RECORDS TO PROCESS:
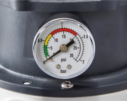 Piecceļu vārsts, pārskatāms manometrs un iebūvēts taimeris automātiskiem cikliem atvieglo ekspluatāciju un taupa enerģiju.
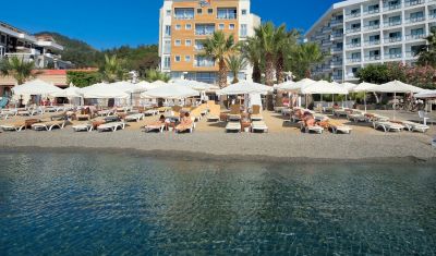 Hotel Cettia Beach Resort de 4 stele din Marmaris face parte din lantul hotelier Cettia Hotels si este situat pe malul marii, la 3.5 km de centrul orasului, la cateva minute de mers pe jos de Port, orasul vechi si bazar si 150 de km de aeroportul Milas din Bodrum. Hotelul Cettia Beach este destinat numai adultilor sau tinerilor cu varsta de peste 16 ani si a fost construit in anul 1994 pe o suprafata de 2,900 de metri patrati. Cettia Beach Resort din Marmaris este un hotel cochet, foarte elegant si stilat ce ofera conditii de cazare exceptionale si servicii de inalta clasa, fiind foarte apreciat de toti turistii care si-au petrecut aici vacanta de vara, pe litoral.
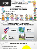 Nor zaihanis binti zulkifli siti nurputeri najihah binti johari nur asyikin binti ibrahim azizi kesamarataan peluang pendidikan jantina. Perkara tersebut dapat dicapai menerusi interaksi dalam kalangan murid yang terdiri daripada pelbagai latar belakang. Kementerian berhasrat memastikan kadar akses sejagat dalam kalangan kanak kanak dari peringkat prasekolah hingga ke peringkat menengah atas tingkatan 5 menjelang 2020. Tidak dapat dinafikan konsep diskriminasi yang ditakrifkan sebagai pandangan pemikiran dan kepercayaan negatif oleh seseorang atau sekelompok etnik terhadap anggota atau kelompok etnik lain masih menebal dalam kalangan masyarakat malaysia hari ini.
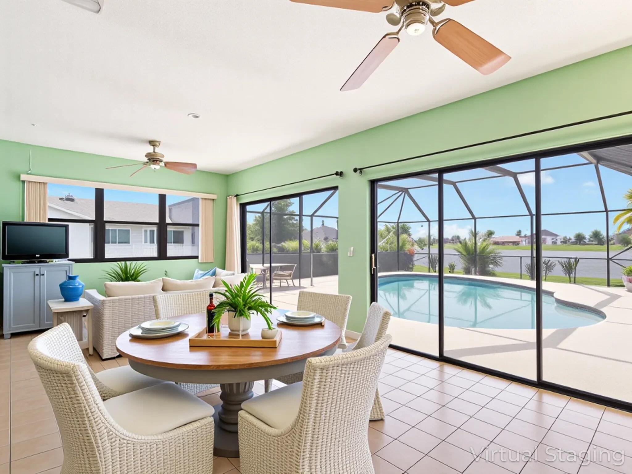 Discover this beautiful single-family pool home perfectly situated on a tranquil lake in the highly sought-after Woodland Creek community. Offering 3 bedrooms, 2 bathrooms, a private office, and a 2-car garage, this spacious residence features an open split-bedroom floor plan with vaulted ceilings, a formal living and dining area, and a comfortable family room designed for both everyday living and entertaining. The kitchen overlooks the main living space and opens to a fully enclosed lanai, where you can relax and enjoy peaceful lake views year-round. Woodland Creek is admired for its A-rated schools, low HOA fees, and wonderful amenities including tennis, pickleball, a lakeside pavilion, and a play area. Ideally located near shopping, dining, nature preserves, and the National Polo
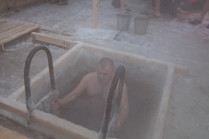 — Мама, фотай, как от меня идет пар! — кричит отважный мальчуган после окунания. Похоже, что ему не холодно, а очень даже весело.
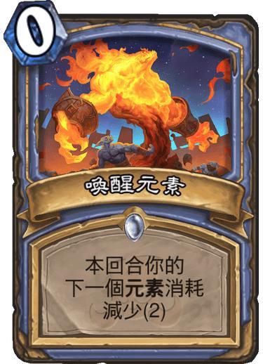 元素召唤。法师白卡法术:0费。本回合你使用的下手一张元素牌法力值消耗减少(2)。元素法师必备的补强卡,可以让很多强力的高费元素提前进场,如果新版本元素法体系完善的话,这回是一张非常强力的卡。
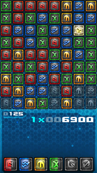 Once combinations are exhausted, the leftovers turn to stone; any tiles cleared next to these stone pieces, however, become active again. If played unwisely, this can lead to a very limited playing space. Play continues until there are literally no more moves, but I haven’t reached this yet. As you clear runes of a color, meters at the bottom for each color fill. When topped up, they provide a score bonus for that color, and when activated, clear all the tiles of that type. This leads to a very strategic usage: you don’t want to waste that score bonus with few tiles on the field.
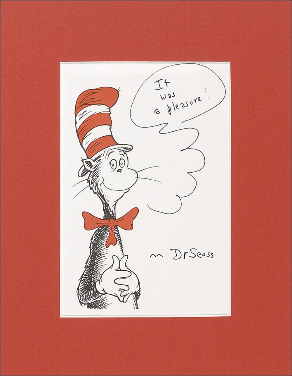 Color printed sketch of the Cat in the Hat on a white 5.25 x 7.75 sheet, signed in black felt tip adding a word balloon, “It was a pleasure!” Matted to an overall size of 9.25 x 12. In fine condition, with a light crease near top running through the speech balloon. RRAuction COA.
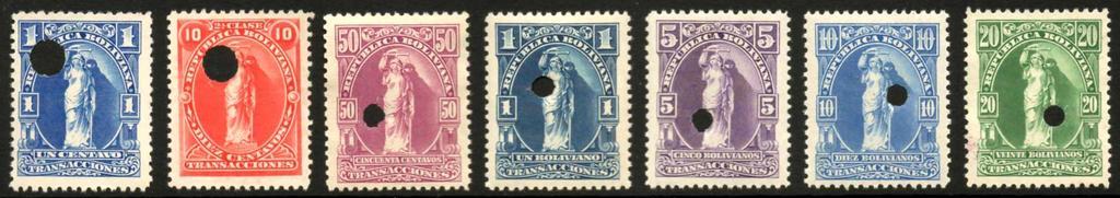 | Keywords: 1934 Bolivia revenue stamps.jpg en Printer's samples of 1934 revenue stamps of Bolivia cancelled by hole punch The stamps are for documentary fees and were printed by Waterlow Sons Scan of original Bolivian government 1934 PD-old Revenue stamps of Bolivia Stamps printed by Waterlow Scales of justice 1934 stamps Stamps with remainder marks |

* * *

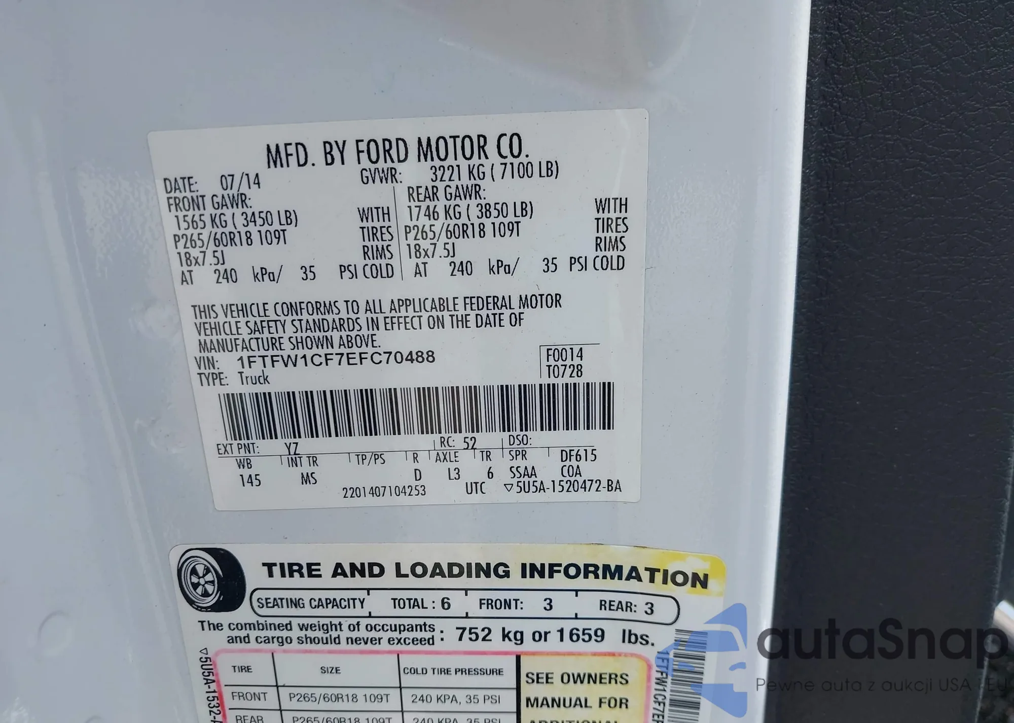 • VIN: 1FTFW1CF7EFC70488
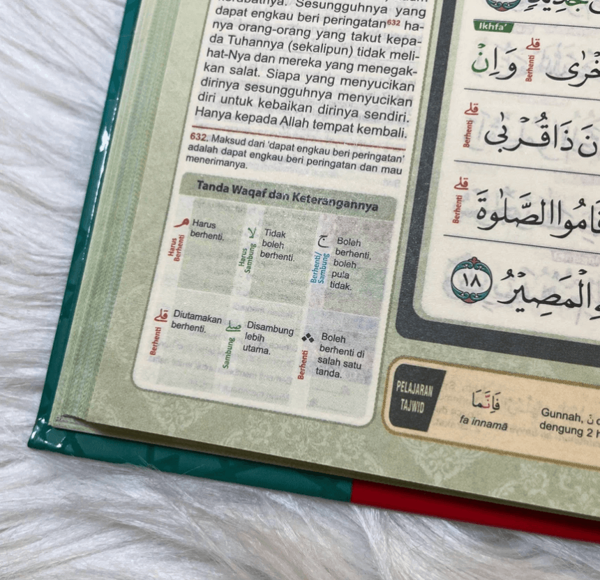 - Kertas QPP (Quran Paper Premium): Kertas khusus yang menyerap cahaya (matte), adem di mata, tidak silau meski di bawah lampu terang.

...

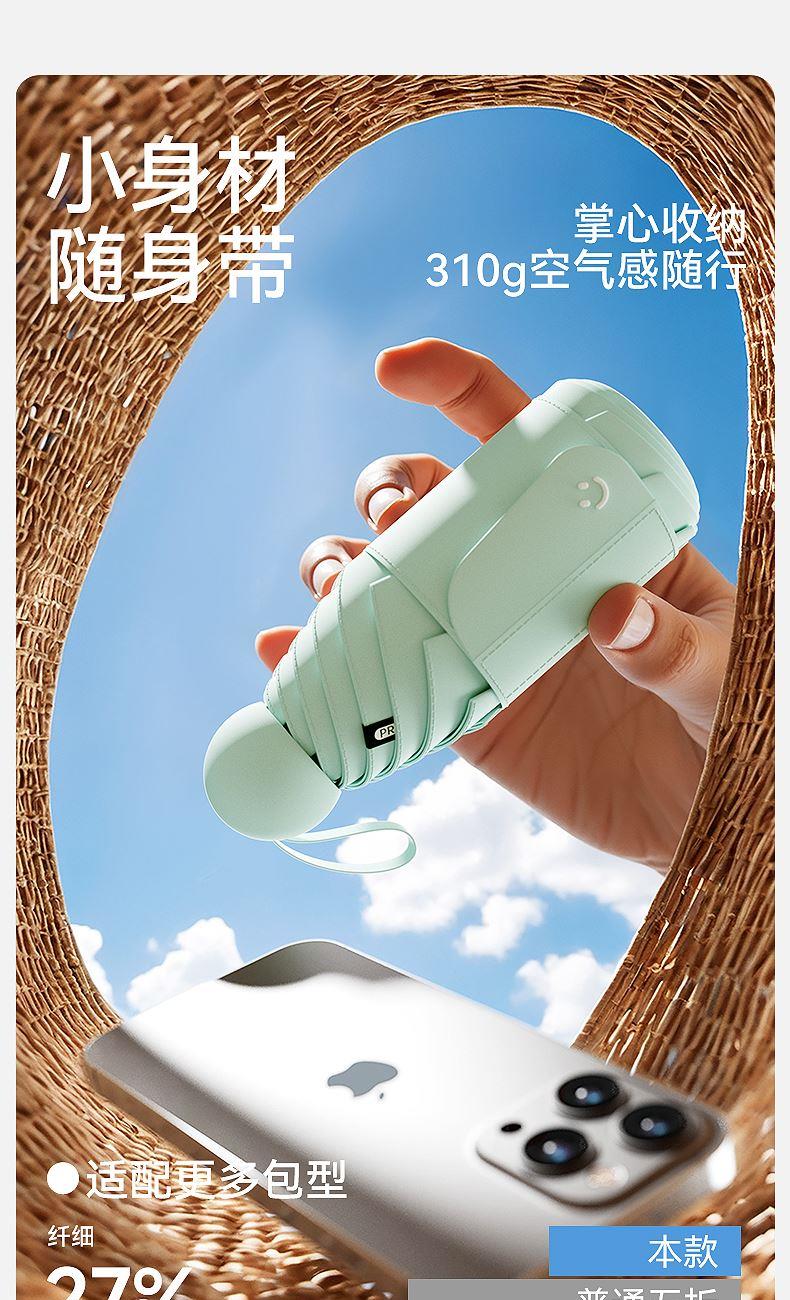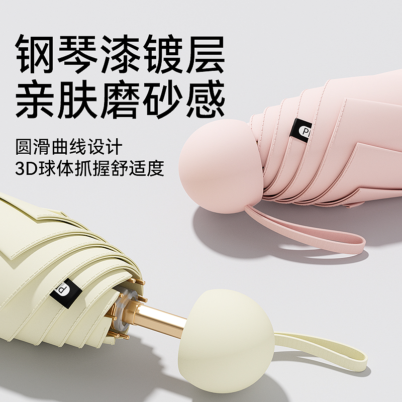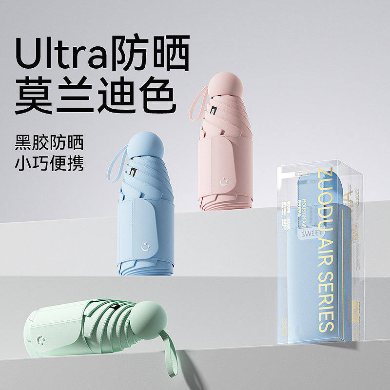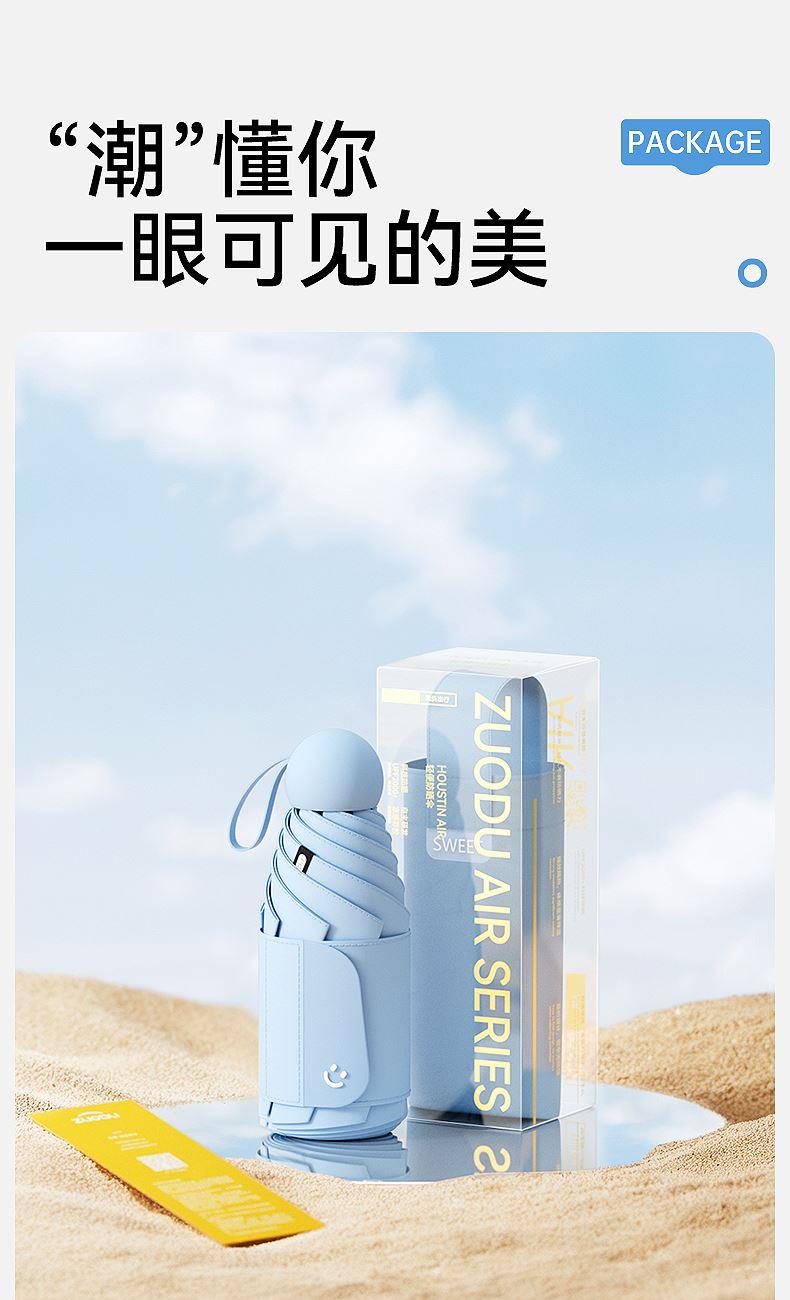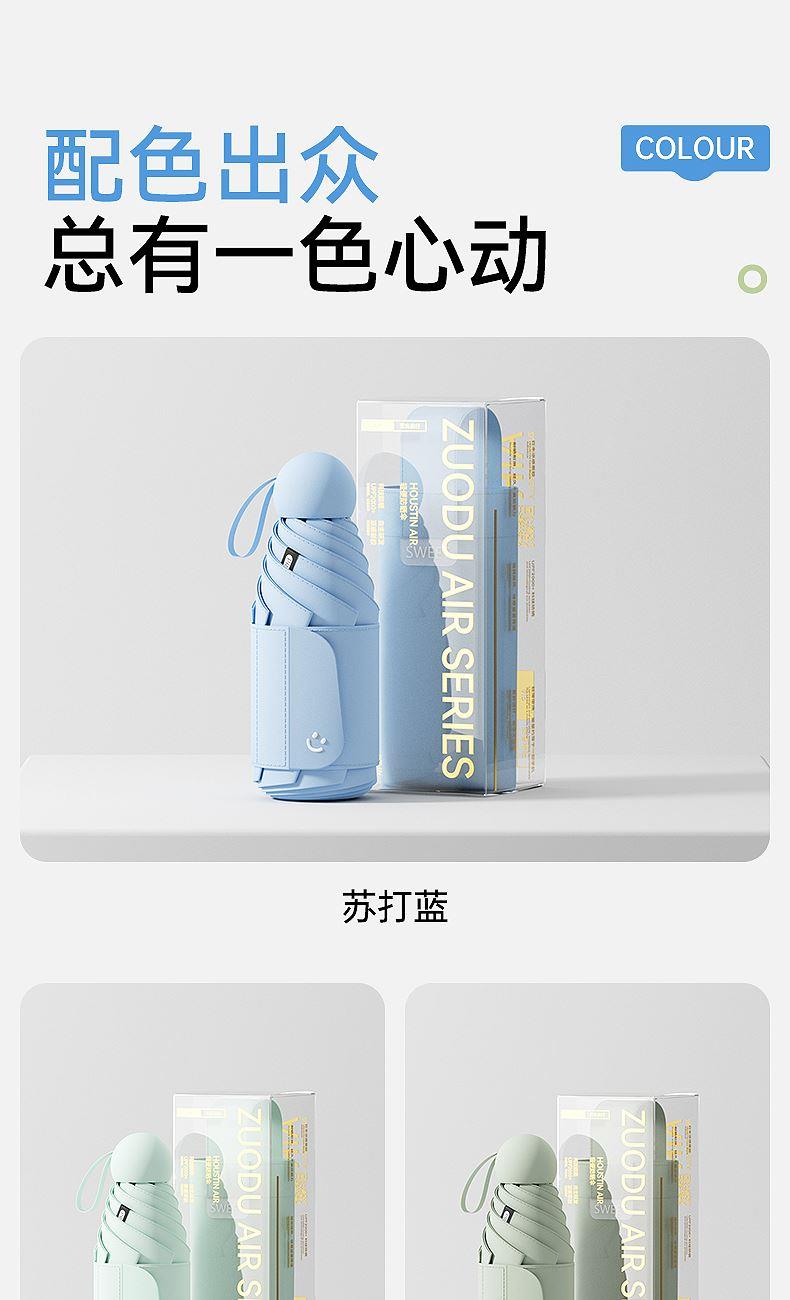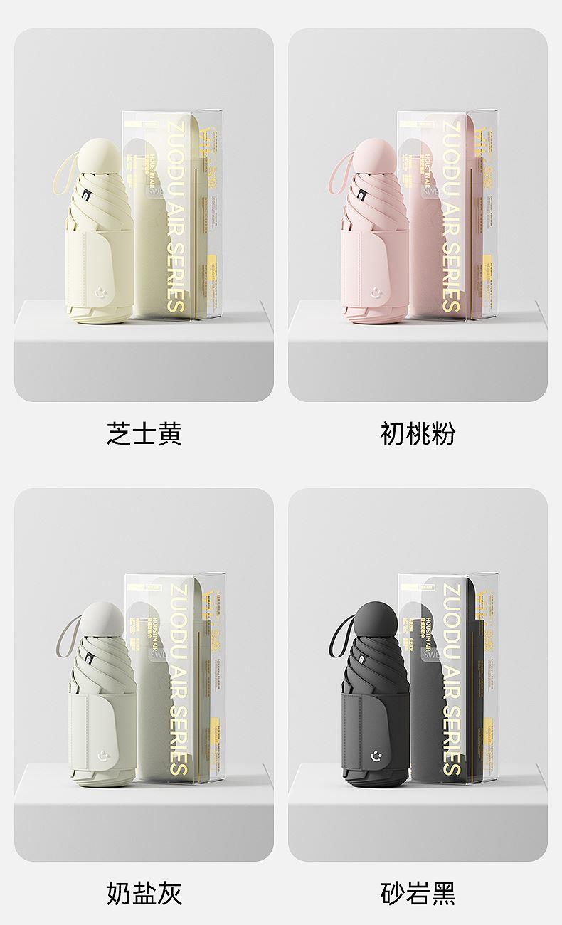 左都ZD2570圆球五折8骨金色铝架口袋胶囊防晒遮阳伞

PROBLEM DESCRIPTION:
Reproduce word for word, with pictures dropped, only the part of the material above that opens with the line containing "Color printed sketch" and closes with the line containing "remainder marks |".

WORKED SOLUTION:
 Color printed sketch of the Cat in the Hat on a white 5.25 x 7.75 sheet, signed in black felt tip adding a word balloon, “It was a pleasure!” Matted to an overall size of 9.25 x 12. In fine condition, with a light crease near top running through the speech balloon. RRAuction COA.
 | Keywords: 1934 Bolivia revenue stamps.jpg en Printer's samples of 1934 revenue stamps of Bolivia cancelled by hole punch The stamps are for documentary fees and were printed by Waterlow Sons Scan of original Bolivian government 1934 PD-old Revenue stamps of Bolivia Stamps printed by Waterlow Scales of justice 1934 stamps Stamps with remainder marks |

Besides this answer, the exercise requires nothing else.